**TASK REQUIREMENTS**. Leave every picture behind and copy the rest of the entries below exactly.

**LISTED RECORDS**.
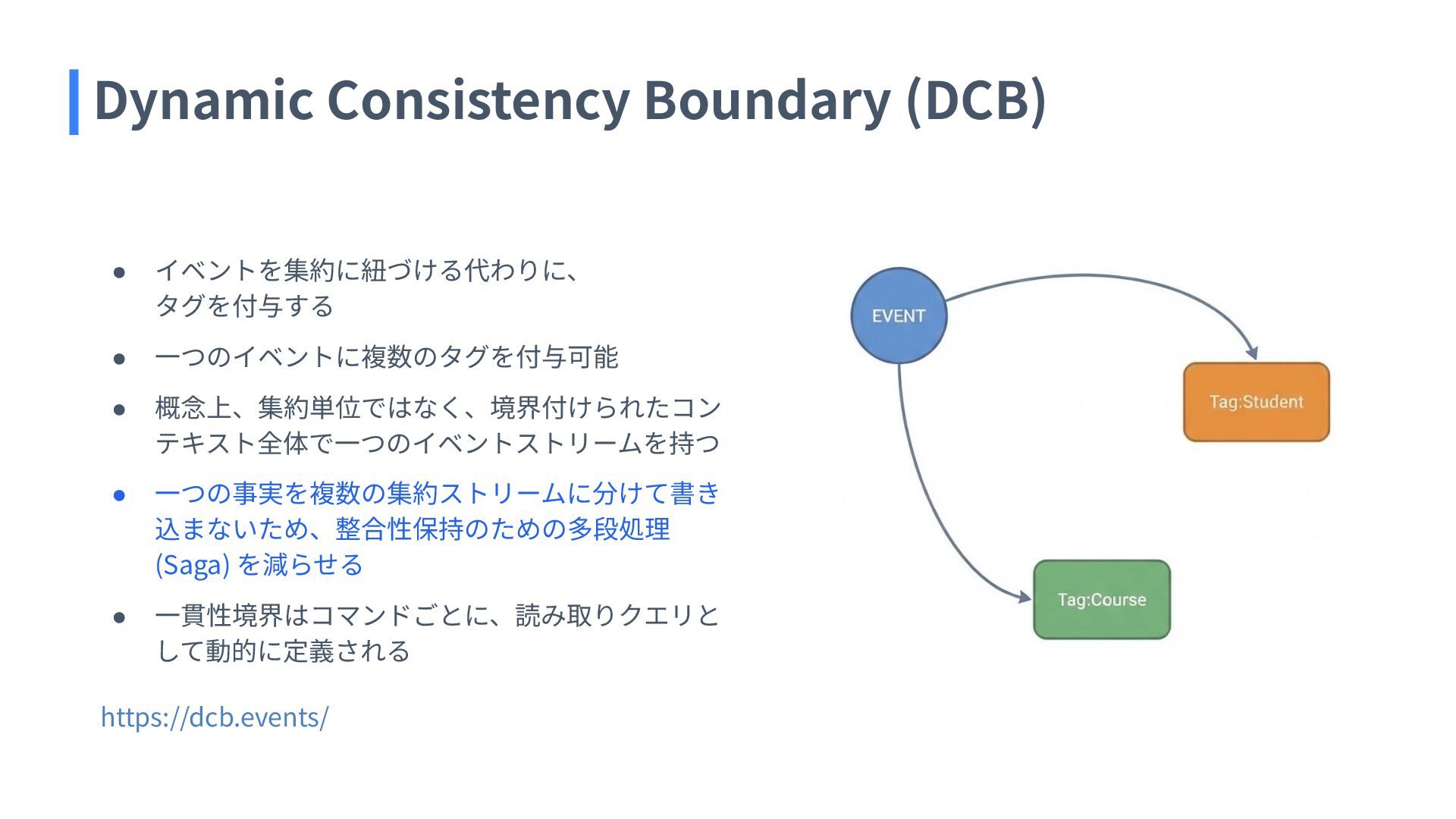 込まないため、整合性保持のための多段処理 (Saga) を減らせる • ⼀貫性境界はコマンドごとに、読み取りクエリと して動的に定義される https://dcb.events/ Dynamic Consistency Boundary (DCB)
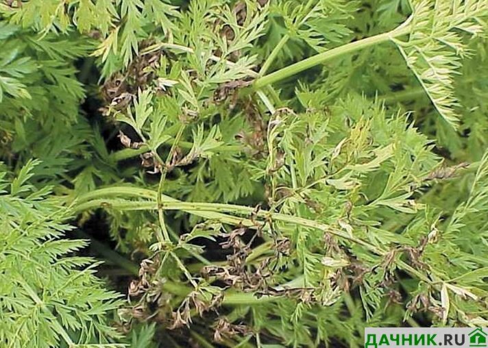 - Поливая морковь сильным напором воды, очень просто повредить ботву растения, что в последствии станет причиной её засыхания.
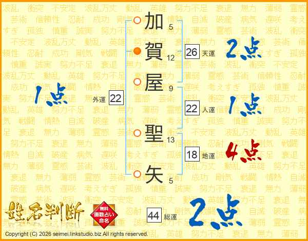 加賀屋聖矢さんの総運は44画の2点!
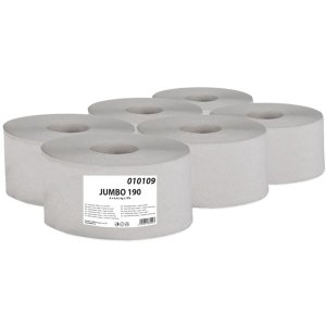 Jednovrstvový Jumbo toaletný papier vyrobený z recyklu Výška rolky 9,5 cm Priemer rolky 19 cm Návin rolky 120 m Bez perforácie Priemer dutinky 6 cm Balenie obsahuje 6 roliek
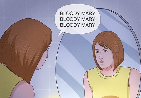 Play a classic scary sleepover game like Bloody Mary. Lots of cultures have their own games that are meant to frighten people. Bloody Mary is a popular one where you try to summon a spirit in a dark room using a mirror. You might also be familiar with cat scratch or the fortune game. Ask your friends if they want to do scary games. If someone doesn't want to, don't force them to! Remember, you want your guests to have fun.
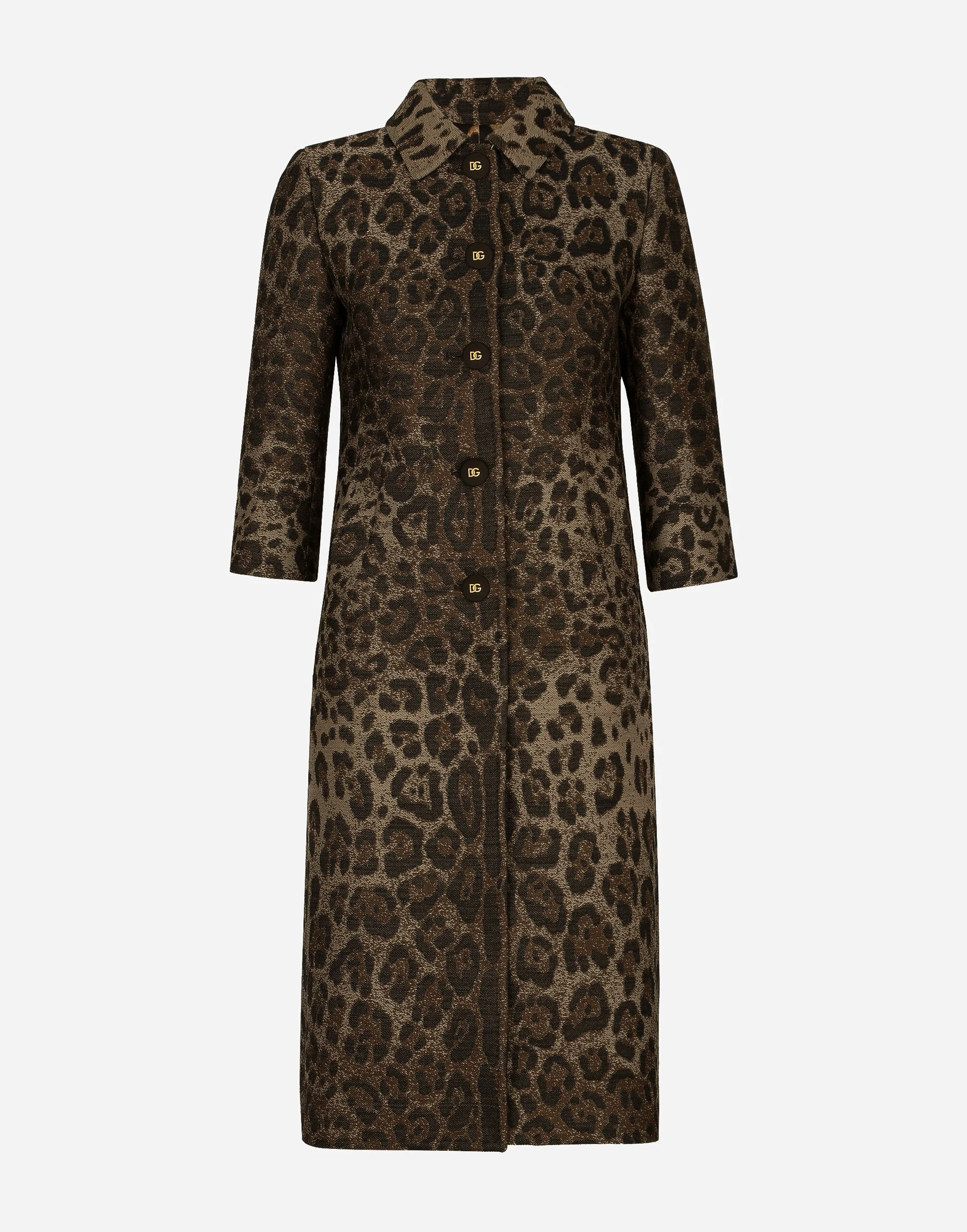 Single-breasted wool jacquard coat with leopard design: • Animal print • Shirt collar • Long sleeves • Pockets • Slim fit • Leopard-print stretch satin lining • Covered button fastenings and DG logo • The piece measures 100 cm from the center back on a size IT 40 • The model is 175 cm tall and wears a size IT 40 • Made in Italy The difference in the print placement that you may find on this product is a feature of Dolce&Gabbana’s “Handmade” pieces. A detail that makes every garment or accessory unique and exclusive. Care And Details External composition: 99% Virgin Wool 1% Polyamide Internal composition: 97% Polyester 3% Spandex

**WRITTEN SOLUTION**.
 込まないため、整合性保持のための多段処理 (Saga) を減らせる • ⼀貫性境界はコマンドごとに、読み取りクエリと して動的に定義される https://dcb.events/ Dynamic Consistency Boundary (DCB)
 - Поливая морковь сильным напором воды, очень просто повредить ботву растения, что в последствии станет причиной её засыхания.
 加賀屋聖矢さんの総運は44画の2点!
 Jednovrstvový Jumbo toaletný papier vyrobený z recyklu Výška rolky 9,5 cm Priemer rolky 19 cm Návin rolky 120 m Bez perforácie Priemer dutinky 6 cm Balenie obsahuje 6 roliek
 Play a classic scary sleepover game like Bloody Mary. Lots of cultures have their own games that are meant to frighten people. Bloody Mary is a popular one where you try to summon a spirit in a dark room using a mirror. You might also be familiar with cat scratch or the fortune game. Ask your friends if they want to do scary games. If someone doesn't want to, don't force them to! Remember, you want your guests to have fun.
 Single-breasted wool jacquard coat with leopard design: • Animal print • Shirt collar • Long sleeves • Pockets • Slim fit • Leopard-print stretch satin lining • Covered button fastenings and DG logo • The piece measures 100 cm from the center back on a size IT 40 • The model is 175 cm tall and wears a size IT 40 • Made in Italy The difference in the print placement that you may find on this product is a feature of Dolce&Gabbana’s “Handmade” pieces. A detail that makes every garment or accessory unique and exclusive. Care And Details External composition: 99% Virgin Wool 1% Polyamide Internal composition: 97% Polyester 3% Spandex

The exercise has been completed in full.